Imposante Landschaften und Vulkane auf dem Altiplano und faszinierende Städte, wie La Paz und Arequipa erwarten uns – und langsam bekommen wir Übung im Umgang mit Bürokraten und Amtsschimmeln. Doch die Pleiten, Pech und Pannen wollen einfach nicht abreißen. Ein weiteres mal sitzen wir fest.
Ungewiss, was uns erwarten wird, betreten wir die Höhle des Löwen. Unser „Lieblingsamt“ heißt „SUNAT“, die peruanische Zollbehörde. Bei der Ausreise in Tilali am einsamen Nordufer des Titikaka-Sees gilt es, die Zoll-Papiere der Motorräder ausgestempelt und aus dem System gelöscht zu bekommen. In dem schummerigen und von Essensgeruch durchzogenen Büro treffen wir auf den Amtsschimmel, der sich noch eben die Uniform zurechtzupft und die Schulterklappen ordnet, bevor er uns mit Kasernen-Ton und erhabenen Gesten klar macht, wer der Herr im Ring ist. Nicht unfreundlich, aber recht bestimmt versucht er uns zu bedeuten, dass wir zum nächsten Grenzübergang fahren müssen. Der Grund: Das kleine, muffige Büro hat keinen Strom, und so kann der beflissene Beamte weder auf das IT-System zugreifen, noch etwas ausdrucken. Zu allem Überfluss funktioniert noch nicht einmal die Klospülung, wie Tom nach dem Lokusgang mit gedämpftem Genuss preisgibt.
Nach Kasani zu fahren kommt nicht infrage, denn das wären über sechs Stunden Fahrt – neben Schwielen am Hintern bedeutet das auch erhebliche Spritkosten. Je mehr wir dem Mann von uns erzählen, desto besser wird seine Stimmung und sein Interesse ist geweckt. Und damit auch seine Hilfsbereitschaft. Schließlich lässt er sich breitschlagen, per Handy bei einem anderen Posten anzurufen und dort die BMWs austragen zu lassen. Die Papiere schickt er per WhatsApp-Foto, der kooperierende Grenzübergang schickt die notwendigen Dokumente auf gleichem Weg. Selten hat es geklappt, mit SUNAT-Beamten auf dem freundlichen Weg zum Ziel zu kommen. Hier ging es mit Schirm, Charme und Melone. Die Polizisten am Schlagbaum bestehen auf Selfies mit uns – freilich mit Kalaschnikow vor der Brust und bitterernstem, aber dennoch wohlwollendem Gesichtsausdruck. „Da, wo der Asphalt aufhört fängt Bolivien an“ rufen sie uns noch lachend hinterher, als wir abfahren.
Die Suche nach dem Beamten
Und tatsächlich empfängt uns Bolivien auf höchst ruppige Art: Die 12 km bis zum Grenzort Puerto Acosta verlangen uns mit Fels und jeder Menge Tiefsand fahrerisch einiges ab. Dort geht die Prozedur von vorne los. Zunächst zum Migrationsbüro. Viele Gringos scheinen hier nicht durchzukommen, denn der Beamte hat Probleme, uns im System zu registrieren, weil wir jeweils nur einen Nachnamen haben. Wo gibt’s denn so was? Da muss er sich erst mal telefonische Hilfe zum Ausfüllen holen.

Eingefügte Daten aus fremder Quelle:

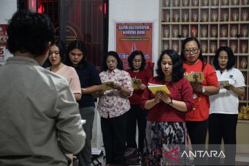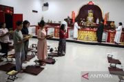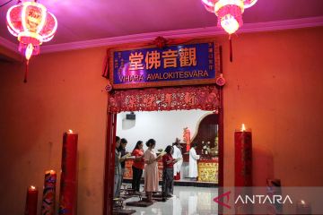 Warga keturunan Tionghoa bersembahyang menyambut tahun baru imlek di Vihara Avalokitesvara, Palangka Raya, Kalimantan Tengah, Senin (16/2/2026). Sembahyang malam pergantian tahun baru imlek 2577 Kongzili tersebut sebagai momentum untuk berdoa dan berharap kehidupan yang lebih baik di tahun Kuda Api. ANTARA FOTO/Auliya Rahman.
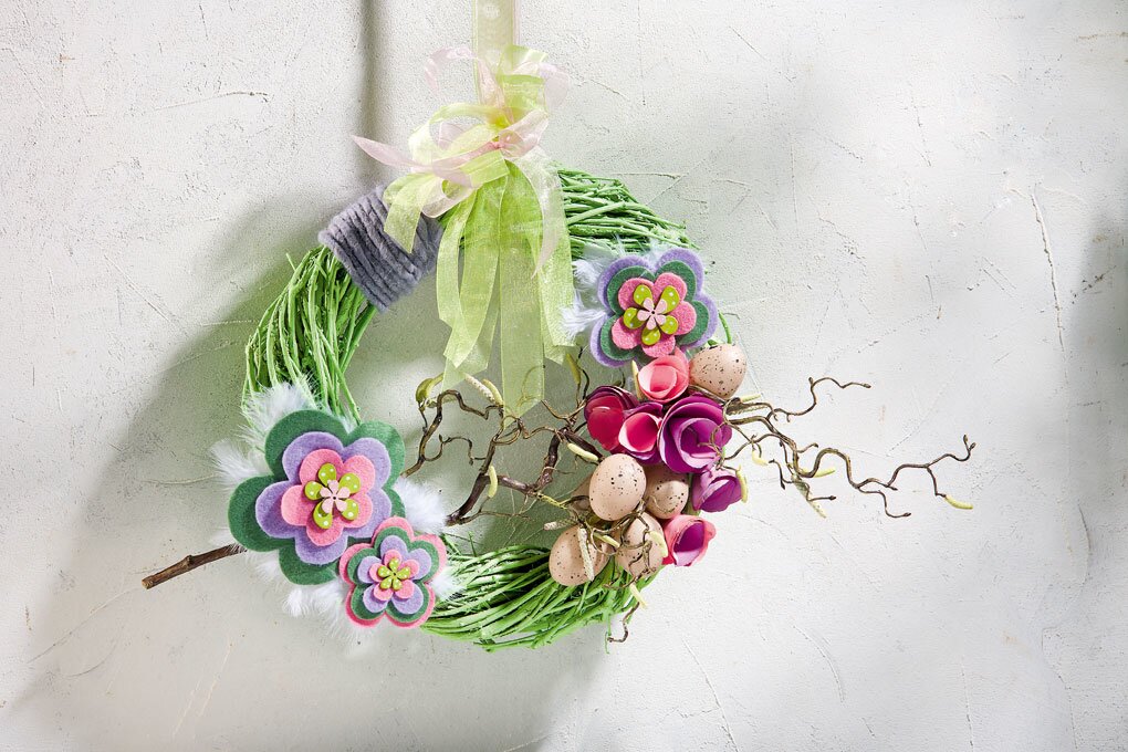 This large, green wicker wreath is decorated with colourful felt flowers and twisted chip flowers. The bright colours are harmoniously complemented by the natural eggs and the twig.

Das Zollbüro befindet sich schräg gegenüber. Die Tür steht offen, allerdings ist das Zugangstor verschlossen. Geschlagene zwei Stunden hämmern wir dagegen, werfen Steine an die Fenster und rufen in unflätigster Manier deutsche Floskeln, doch es tut sich nichts. Die Beamten vom Migrationsbüro sind auch ratlos. Schließlich fahren wir mit einem von ihnen zu dem Zollbeamten nach Hause wo uns die Mutter öffnet. „Mein Sohn ist doch schon den ganzen Tag bei der Arbeit“, so ihre Aussage. Vielleicht hat er ja noch nen Nebenjob. Wenigstens ruft sie ihn an und wir fahren zurück wo er dann auch endlich das Tor aufschließt und uns die nötigen Papiere für die Motorräder ausstellt. So haben wir fast den ganzen Tag mit diesem Grenzübertritt vertrödelt. Es dämmert schon als wir endlich losfahren und uns ein Hostel für die Nacht suchen.

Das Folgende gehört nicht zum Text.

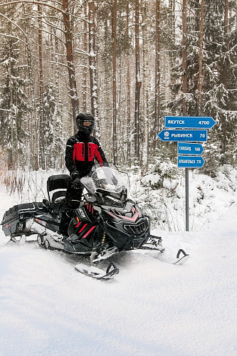 Эргономика нового снегохода просматривается в каждой детали и обеспечивает удовольствие от вождения. Сидение может быть двухместным или одноместным с большим багажным пространством. Фактура материала сиденья кажется настолько мягкой, что появляется желание прикоснуться, ощутить его тепло. Высокое стекло защитит вас от встречных холодных потоков: ветер обойдет вас стороной. Комфорта добавит подогрев курка газа, пассажирских и водительских рукояток. В вечернее и ночное время мощная светодиодная фара создаст эффект ровного дневного освещения, улучшит видимость и обзор объектов. Привлекает внимание интересное исполнение фары, она соразмерна корпусу машины и придает ей индивидуальность. Общий контур, четкие боковые линии машины создают образ динамичного и стильного снегохода — туриста, готового вместе с вами прокладывать новые маршруты, осваивать любые пространства. Повсюду, где есть снег.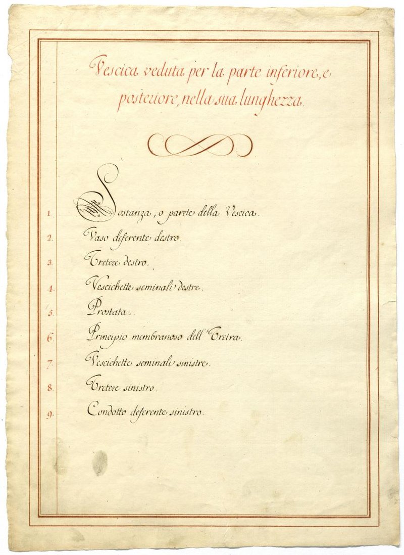 Der Text ist die ergänzende Beschreibung in italienischer Sprache zum anatomischen Wachsmodell der Harnblase und Harnröhre beim Mann.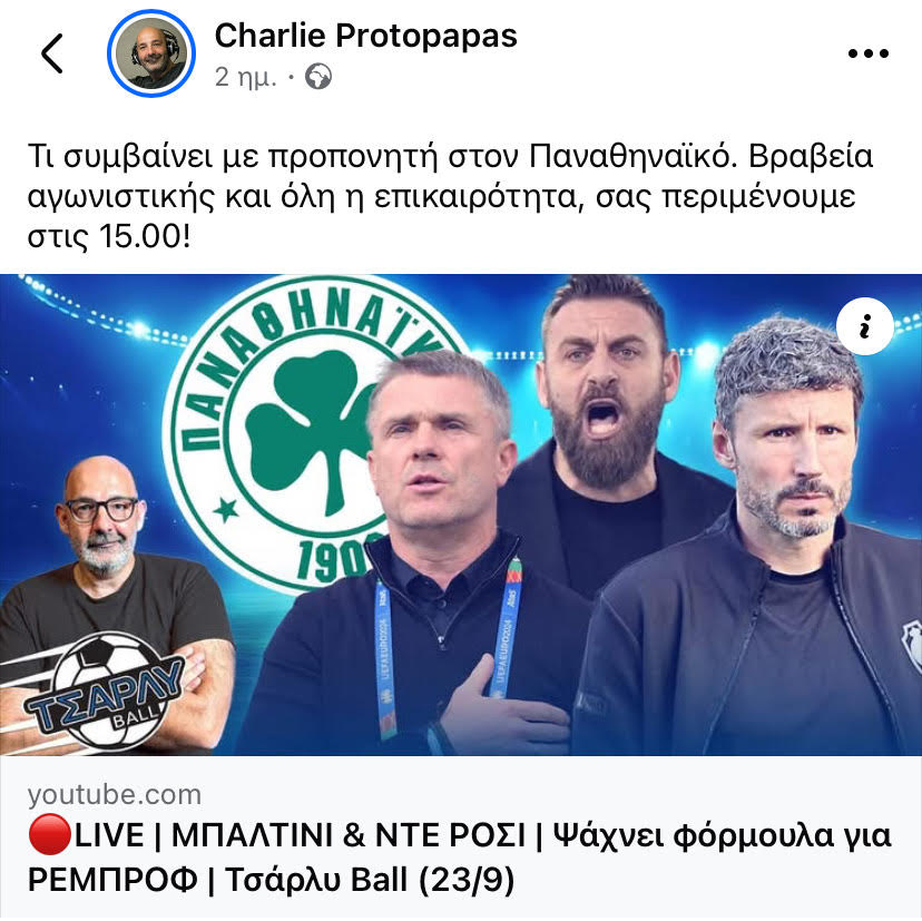 Tσάρλυ, ο… πρώτος. Γιατί ΕΠΕΤΑΙ ΣΥΝΕΧΕΙΑ! Δεν είναι ΚΑΝ δημοσιογράφος, δεν είναι ΤΙΠΟΤΑ βασικά όμως με απίστευτες ΦΑΝΦΑΡΟΛΟΓΙΕΣ επηρεάζει καθημερινώς τους χιλιοταλαιπωρημένους (από τους διοικούντες) οπαδούς του Παναθηναϊκού. Το καλοκαίρι, παίρνοντας κάποιες… μεταγραφικές πληροφορίες από τους ΓΝΩΣΤΟΥΣ που τον έχουν πλευρίσει (ΚΑΙ αυτόν), έγινε για αρκετό κόσμο της ομάδας μας… must (;;;).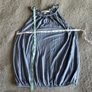 This Max Studio tank top features a ruched design with a relaxed fit, crafted in a soft blue hue. The sleeveless style and lightweight fabric make it perfect for warm weather, offering both comfort and elegance.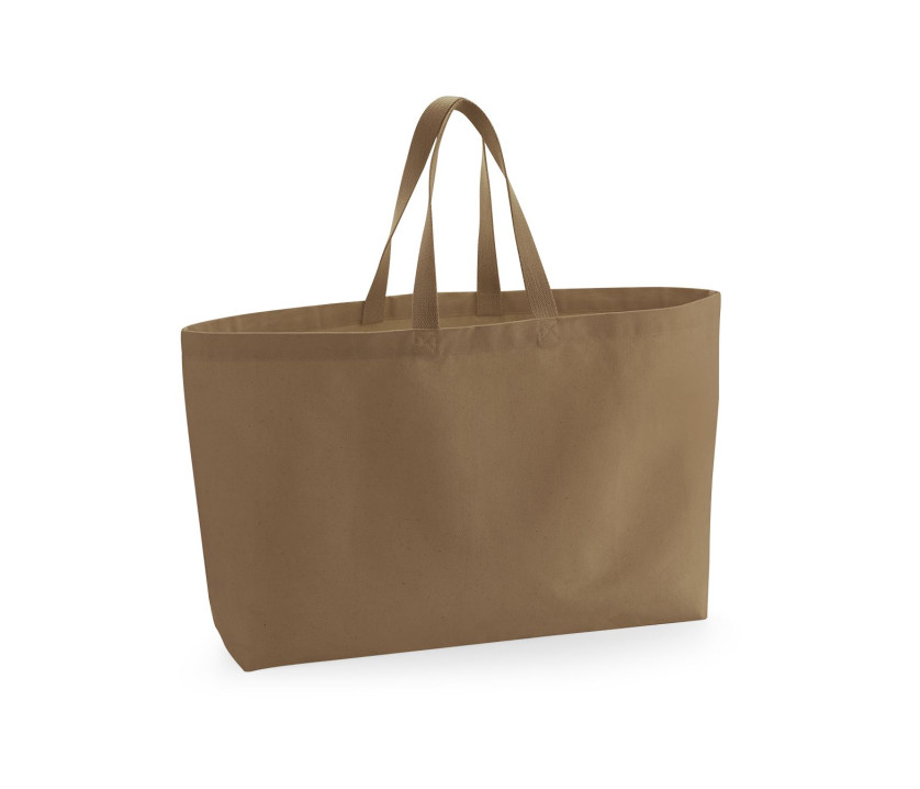Coton doublé. Anses souples de 61cm. Peut se porter à la main ou sur l'épaule. Surface de marquage : 54x33cm.

Wir treffen unseren Helden wieder
Am nächsten Tag geht es auf direktem Weg nach La Paz. Um zum Campingplatz Las Lomas zu gelangen, müssen wir uns quer durch den irrwitzigen Verkehr von El Alto, der westlich an La Paz grenzenden Großstadt, quälen. Die Wiedersehensfreude mit Marcos, dem Inhaber, ist groß. 2020 waren wir schon einmal vor Ort und haben gemeinsam mit dem genialen Mechaniker in seiner Werkstatt unsere Motorräder und große Teile des Equipments auf Vordermann gebracht.

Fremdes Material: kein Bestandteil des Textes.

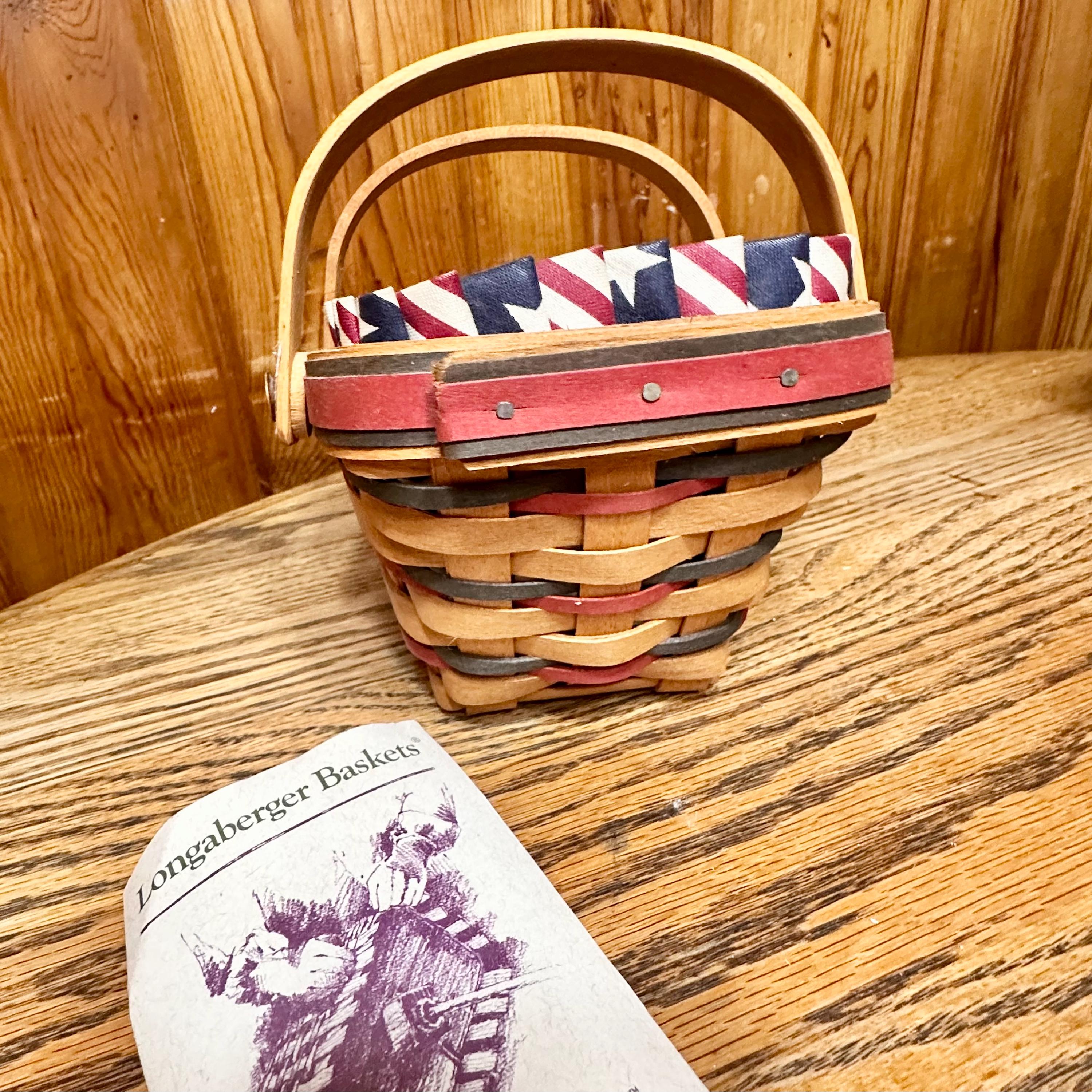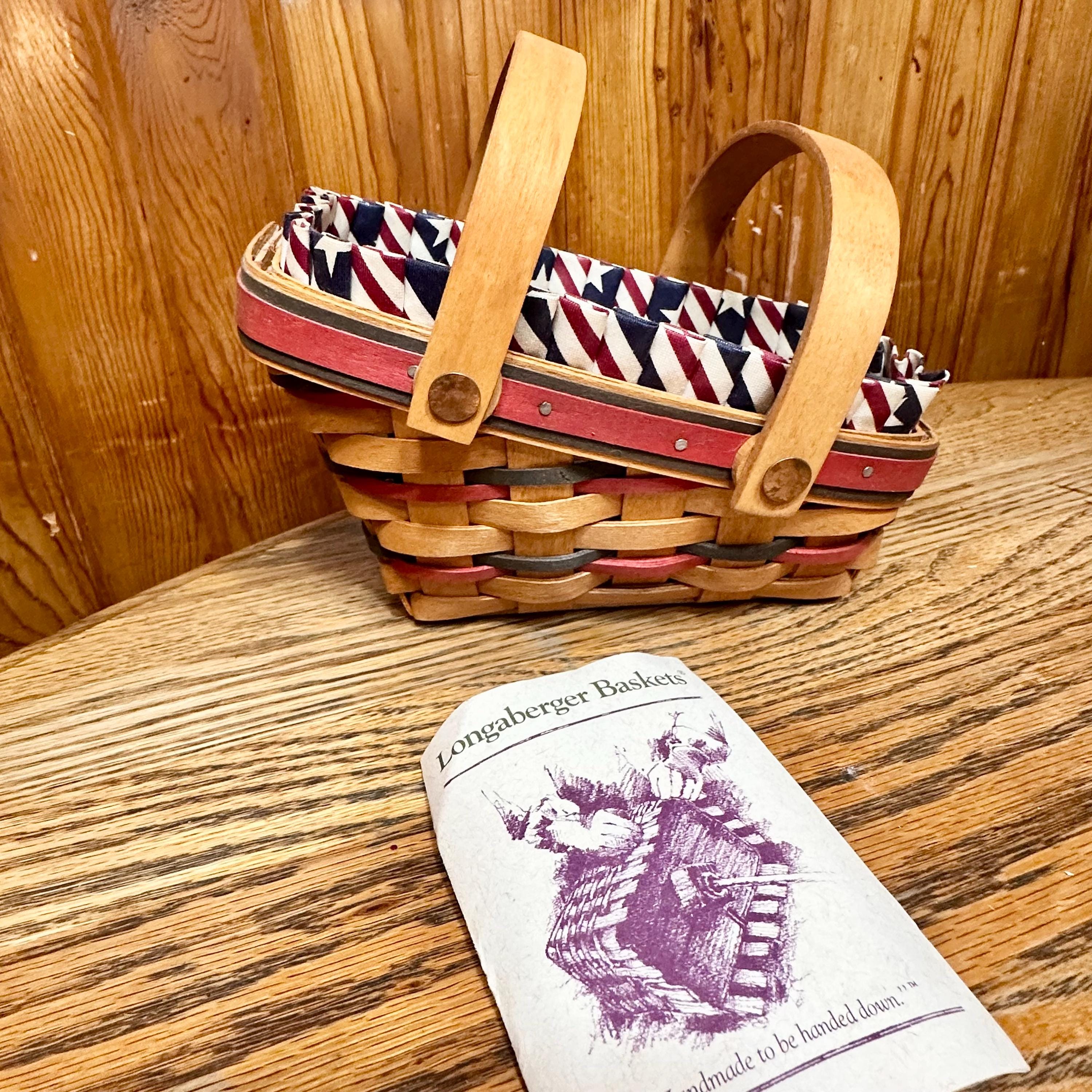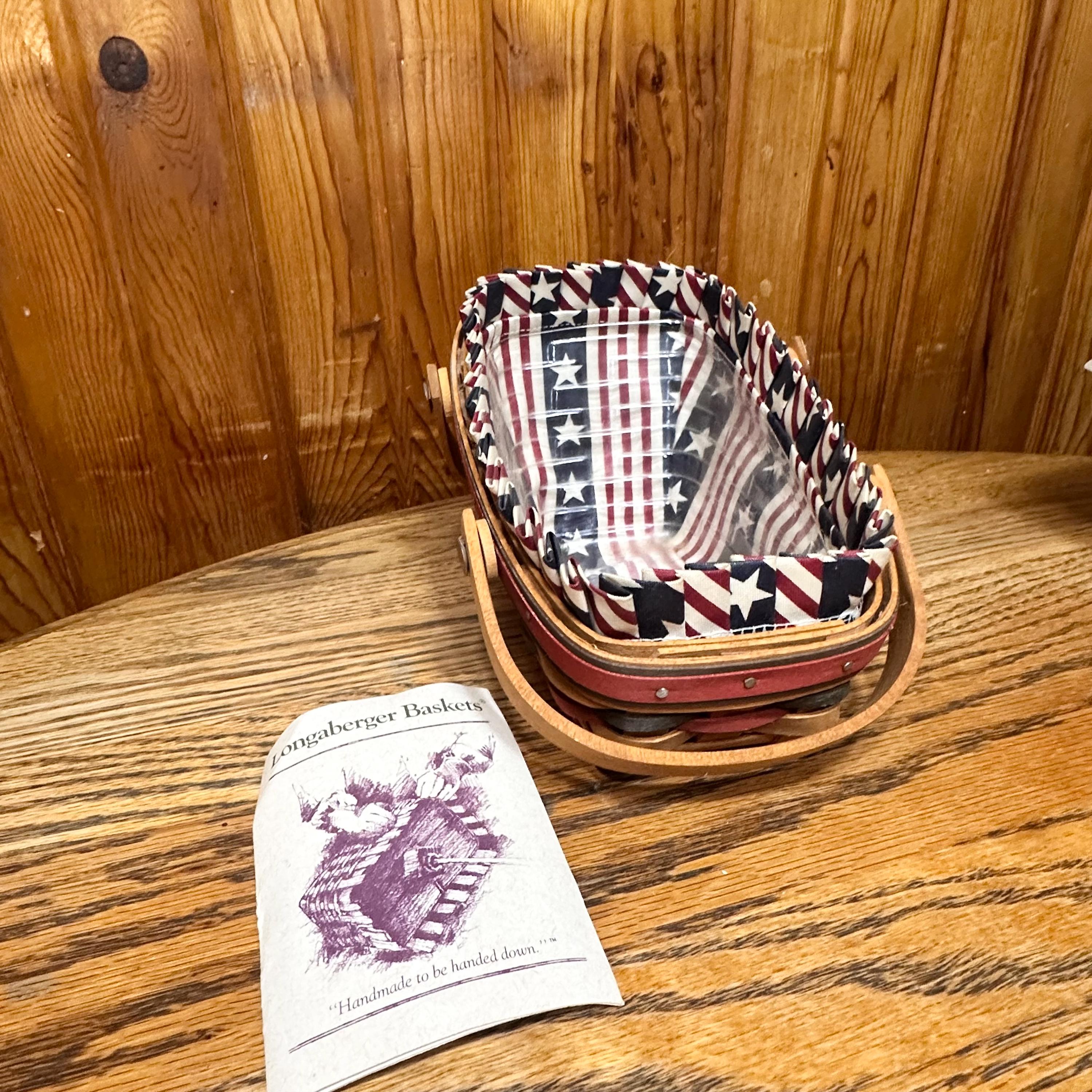 The product is a Longaberger 1996 All American Summertime Basket Combo Liner & Protector. This small rectangular basket features a woven pattern in brown color with a fabric fill material. Manufactured in 1996 by Longaberger, it is an original American-themed storage basket with a patriotic design. The basket comes with a handle and was handmade using weaving production technique, making it a collectible decorative piece for all occasions from the late 20th century.

Ursprünglich hatten wir vor, hier die Motorräder nach der zweijährigen Zwangspause technisch topfit zu machen, aber vieles haben wir aufgrund des desolaten Zustands der Kälber schon in Chaclacayo erledigen müssen, einige neue Probleme mussten wir noch auf dem Weg lösen. Trotzdem reicht die To-do-Liste von La Paz bis Düsseldorf, und mit jedem behobenen Mangel tauchen zwei neue auf.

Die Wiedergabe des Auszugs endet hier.